Могли легко заподозрить Д. А. и в ином ближнем или дальнем родстве или свойстве с А. Д. И, наконец, повстречавшись с таким ФИО, рядовой работник КГБ мог просто испугаться и от испуга чего-нибудь непредсказуемо, но ненаказуемо перепутать или перегнуть.
Литературное творчество Д. А. и его активное участие в ежегодных бардовских камланиях клонили чашу весов в ту же неблагоприятную сторону. В КГБ не любили созданных без их прямого участия общественных организаций, требующих хлопотного и затратного присмотра, и плохо понимали: кому и зачем нужно это самодельное безголосое мычание под трёхаккордное бренчание, когда есть горячо и страстно любимые народом Иосиф Кобзон, Людмила Зыкина и Краснознамённый Ансамбль Советской Армии.

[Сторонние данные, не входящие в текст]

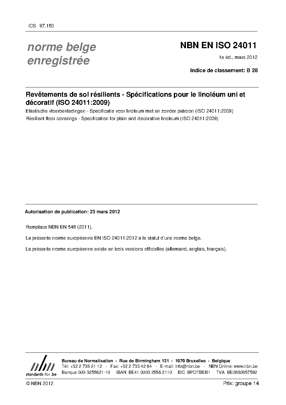 | Publisher | Bureau de Normalisation Belge (NBN) |
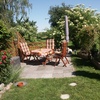 Auf ihrer Terrasse steht ein Holztisch mit 2 Holzstühlen mit verstellbarer Rückenlehne (mit 2 Auflagen) mit 2 Fußhockern, sowie ein Sonnenschirm.

Короче, было-таки плохо и Д. А. уже опасался, что сгорят его годы и вовсе дотла… как все вдруг повернулось, казалось бы, в самую благоприятную сторону. И с этого момента лектора понесло. Он настаивал: главным антигероем подтекста стихотворения является персонаж: ишак со звездою во лбу, на самом деле – офицер Туркестанского отдела КГБ /вероятно, в чине майора, единственная звезда, разумеется, не во лбу, а на фуражке и на погонах, а в слове «ишак» он видел намёк если не на деловые и нравственные качества майора, то, возможно, на его «ишачую» фамилию, типа как «лошадиная фамилия» у Чехова, и привёл возможные варианты: Ишаковский? Ишаев? Ишикович? Иштоян? Ишмамедов?.. и даже вместе с арбой: Ишай Арбатов/.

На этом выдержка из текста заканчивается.